Do tej pory, od 1990 dzięki aktywnemu udziałowi w CF udało się zrealizować 831 serii animowanych za ponad 3 miliardy euro. Prognozy tegoroczne są także więcej niż pozytywne, bo jak wspomniała Annick Meas a potwierdzili tą opinię wszyscy goście i uczestnicy, pandemiczna przerwa podziałała niezwykle ożywczo na animacyjną branżę czego dowodem wiele świetnych, oryginalnych projektów i sporo nowych, młodych twarzy wśród kreatorów.
Dały się zauważyć z pewnością cztery główne zjawiska. Pierwsze z nich to coraz ściślejsze związki animacji a literaturą, kiedyś okazjonalne, teraz niemal nagminne. Świat wykreowany przez ludzi pióra i autorów komiksów (bardzo pożądane praźródło) wydaje się dobrze trafiać do wyobraźni i wrażliwości filmowców. Tendencja druga to rosnąca z roku na rok liczba reżyserek za kamerą i stołem montażowym oraz głównych bohaterek fabularnych opowieści. To silne, zdecydowane postacie a nie dodatki do męskich herosów czy drugi plan. Oczywiście ta ewolucja nie dokonała się z roku na rok, ale „żeńska fala” narastała od dawna.
Temat kolejny to zbliżająca się już do 20 procent całości produkcji animowanej w Europie liczba tytułów przeznaczonych dla dorosłych widzów.
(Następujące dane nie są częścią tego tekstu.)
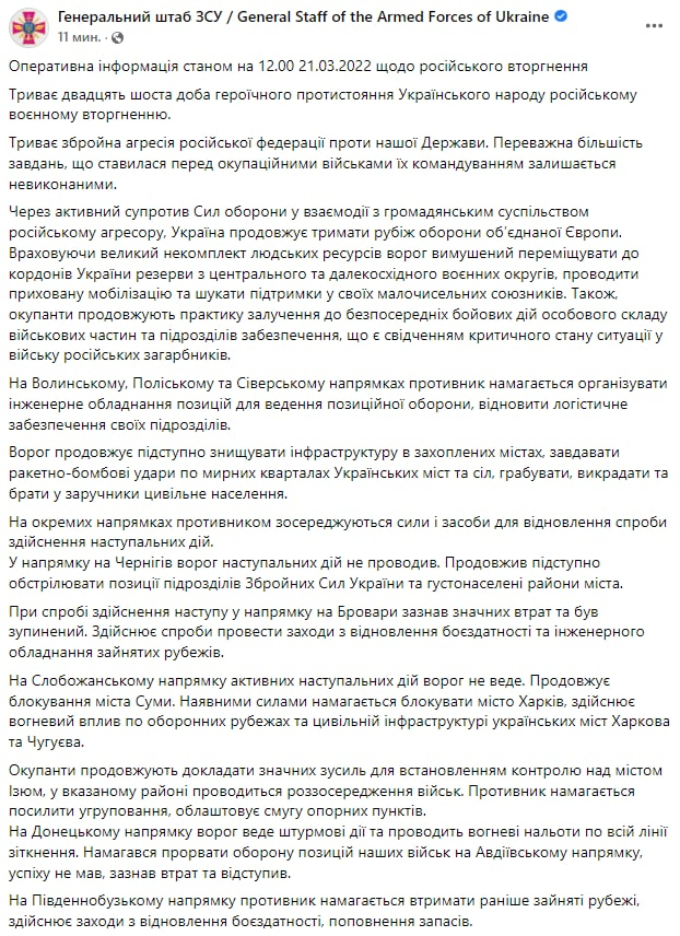 В понедельник днем, 21 марта, Генштаб ВСУ опубликовал новую сводку с фронта. В ней говорится о том, что учитывая большой некомплект человеческих ресурсов, враг вынужден перемещать к границам Украины резервы из центрального и дальневосточного военных округов, проводить скрытую мобилизацию и искать поддержки у своих союзников.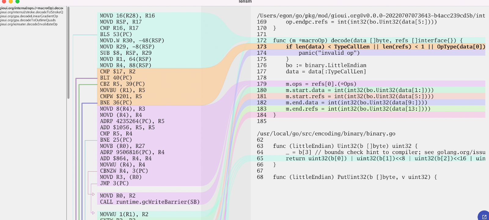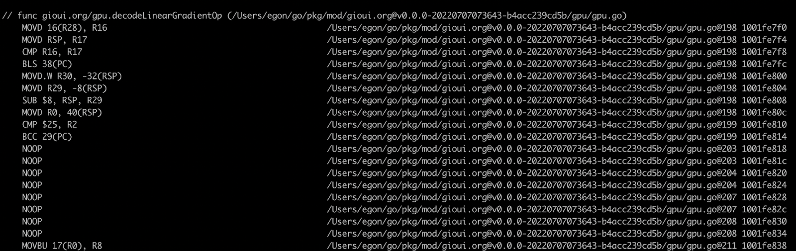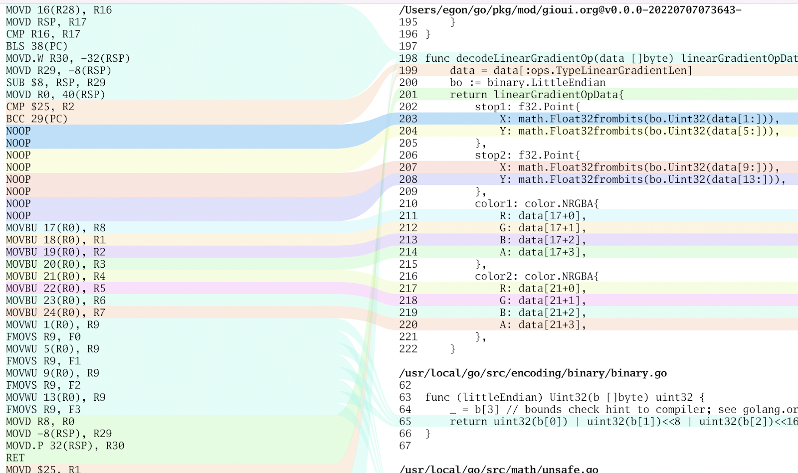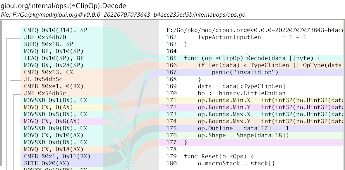 My story starts on a weekend when I was doing a bunch of tiny optimizations to the Gio UI project. There are ways to view the assembly; one is to use go tool objdump -s funcname from the command line. However, it's rather difficult to see how the source code and assembly are related.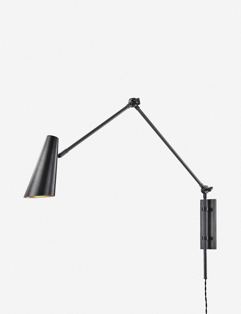 Sleek and modern design meets traditional task lighting with this wall-mounted sconce. The slim, adjustable arm and conical metal shade provide perfectly pointed light for reading in bed or working in your home office.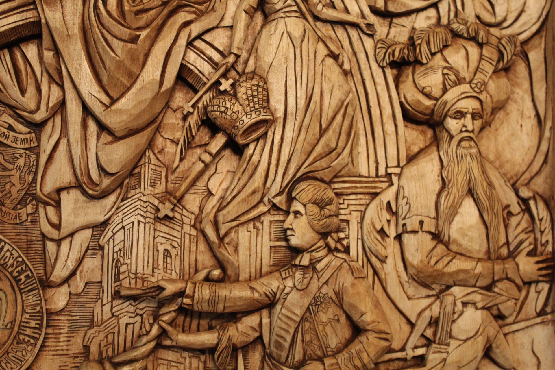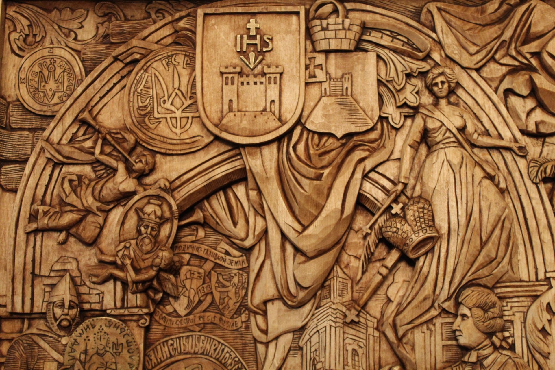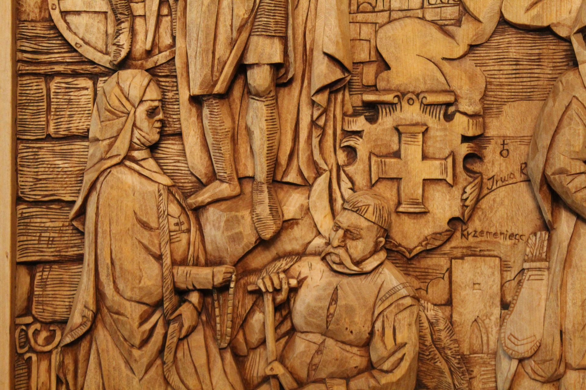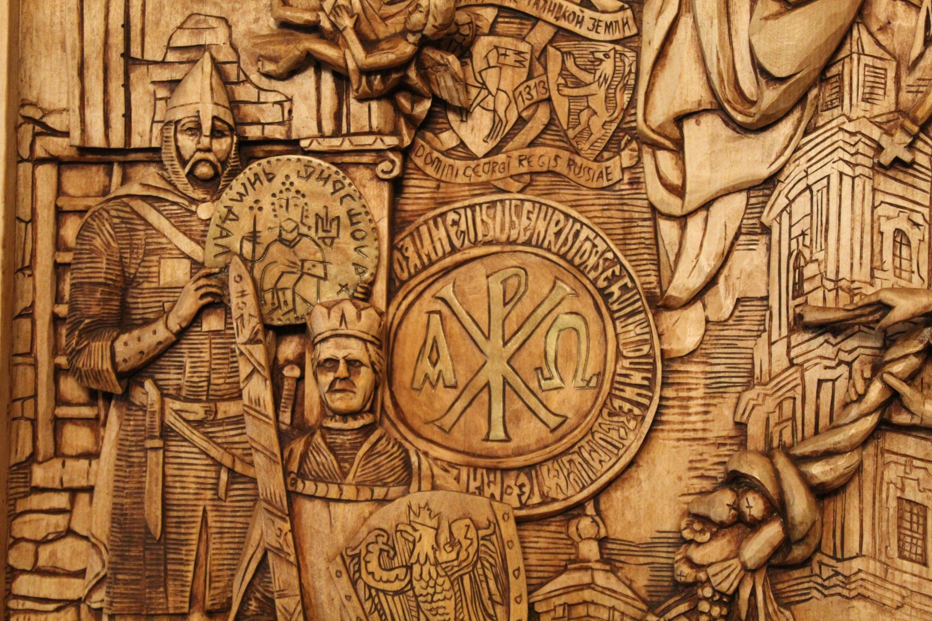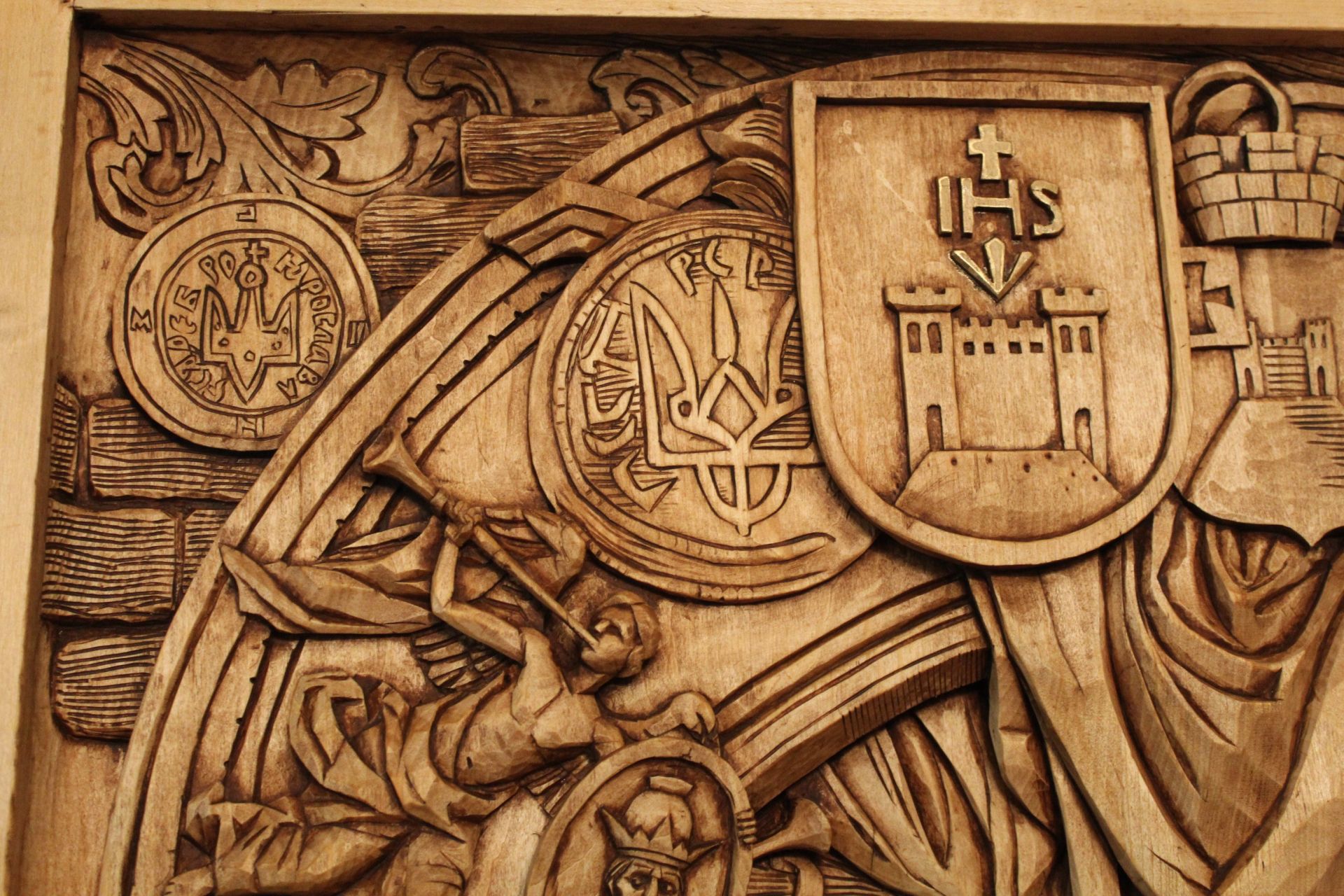 Напередодні війни у різьбяра виникла ідея створити триптих, який би поєднав події, атрибути й історичні постаті, що вплинули на сьогодення Кременця. Наразі готова тільки перша частина виробу, але вона дійсно вражає!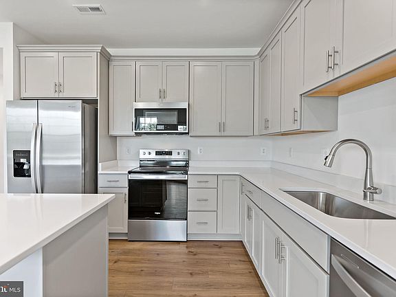 MOVE IN READY! Can close IMMEDIATELY! Meet the Lynnhaven and enjoy main level entry townhome with spacious open floorplan. This beautiful white townhome features a stacked stone water-table, black metal roof accent over the garage and a covered entry. Inside find elegant 9ft ceilings on the main level and a convenient powder room off the garage entrance. An open kitchen to family room is placed in the back of the home for maximum privacy. Brightly lit Kitchen offers a 15 sq. ft. prep island and 42 inch upper cabinets in painted taupe (Willow) shaker style cabinets with brushed nickel cabinet pulls topped with Miami White quartz countertops. The chef in your home will enjoy the single bowl stainless sink and convection oven paired with a convection/microwave oven and side by side refrigerator with water and ice dispensing. Entire main floor is durable waterproof luxury vinyl plank flooring. Step out to a fully sodded yard. Upstairs enjoy a second floor laundry area, linen closet and 2 full baths. The primary bath comes with a step in shower and private water closet. Sized for a king size bed, large walk in closet and 3 windows offering lots of natural light, you will find yourself forgetting you are in a townhome. Secondary bedrooms offer wall closets. Bedroom two is generously sized to fit larger bed and furniture. Home includes added lighting, in family room, bedrooms and ceiling fan rough ins. Wi-fi enabled garage door opener with keypad, and Cable-Data prewires included. There are community sidewalks and trail, overflow parking and common grounds for amenities. Make an appointment to tour our new main level entry townhome with garage - the townhome that lives like a single family home.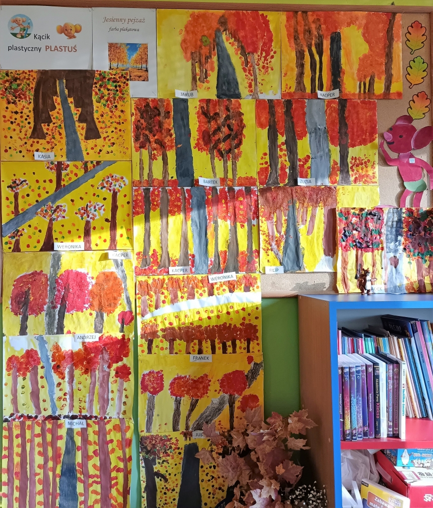 - Wykonanie pracy plastycznej „Pejzaż jesienny”- farba plakatowa (ed. plastyczna)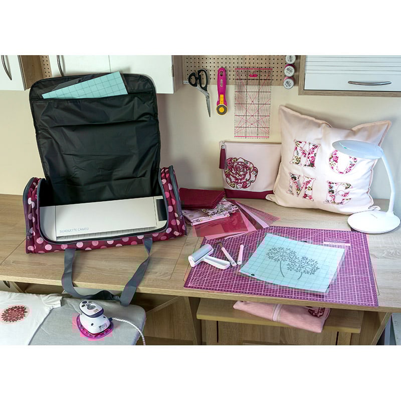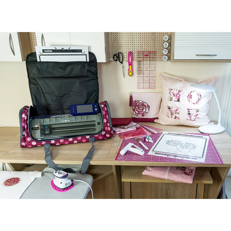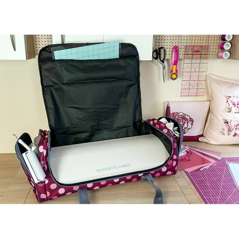 Ein langlebiger Außenstoff in frischem Punkte-Design, stabile Tragegurte und ein durchdachter Innenraum machen diese Tasche zu einem Must-have für Plotterfans – ganz gleich ob für zu Hause, den Kurs oder den kreativen Einsatz unterwegs.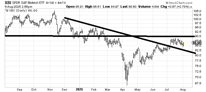 XBI is trying to chew through all that resistance. I don’t think it does so in one bite but rather over time and that probably means there will be a correction at some point. The pattern is not exciting but it’s not dire either. It feels like patience is required; the good news is the selling last week was quite contained.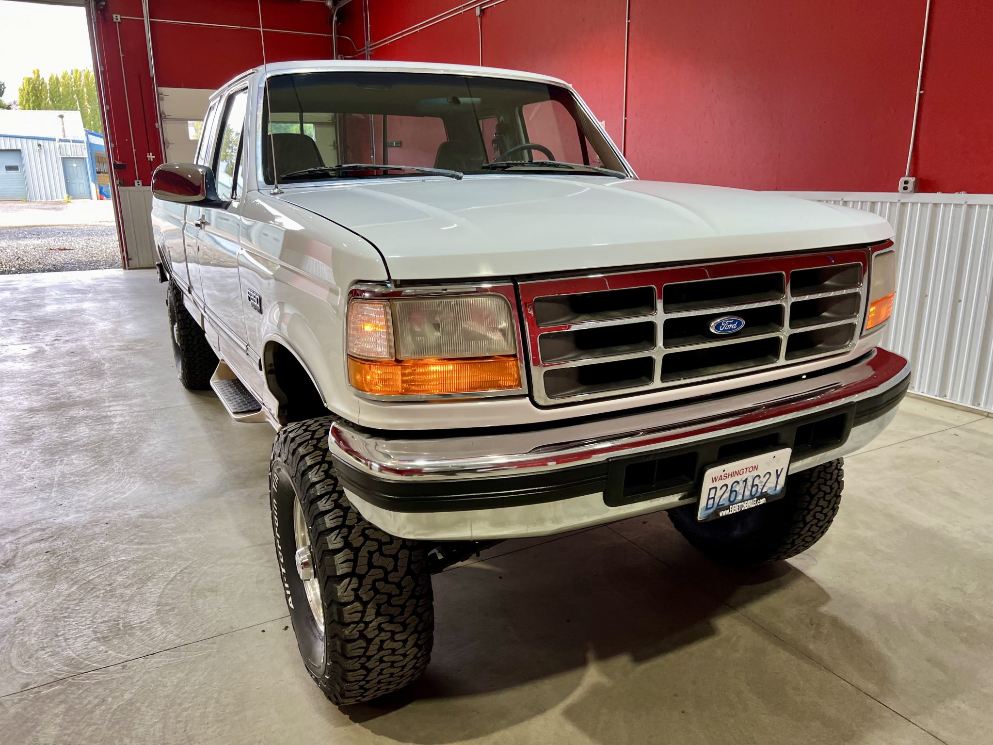 The 16″ eight-hole alloy wheels are mounted with 315/75 BFGoodrich All-Terrain T/A white-letter tires. Braking is handled by power-assisted front discs and rear drums, with the latter featuring ABS. Work under current ownership consisted of installing four tires, fitting a 4″ suspension lift, and performing a wheel alignment.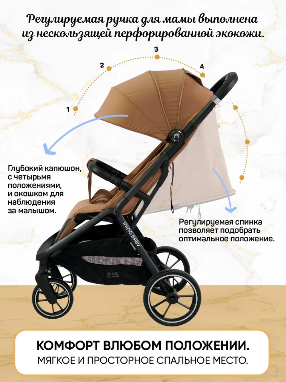 Коляска прогулочная Ining Baby Zac KR336 Khaki

Kategoria tzw. młodych dorosłych i dorosłych znajduje swe odbicie na i przed ekranem.
I w końcu a właściwie to powinna być wiadomość dnia, miesiąca i sezonu, ale poczekajmy na rok 2022, który- wszyscy mają taką nadzieję- przyniesie unormowanie sytuacji zdrowotnej a covid odpadnie jako czynnik sprawczy wielu nieprzewidzianych zdarzeń i sytuacji. Mowa o nowej generacji autorów i producentów, animatorów i specjalistów od sprzedaży oraz marketingu, generalnie nowych twarzy w branży. Wskazywano tu na pozytywne przykłady z Francji, Niemiec i Danii ale też z Polski. Wspomniana wcześniej firma Pigeon z Krakowa zaprezentowała „Miasteczko Mamoko” ekranizację popularnych książek Aleksandry i Daniela Mizielińskich i zebrała niemało pozytywnych recenzji.
„Icky i Poo” (Animoon) oraz „Robot i Marsjanie„ (Badi Badi) to kolejne dwa polskie projekty prezentowane nad Garonną, także ze sporymi nadziejami na swą kontynuację.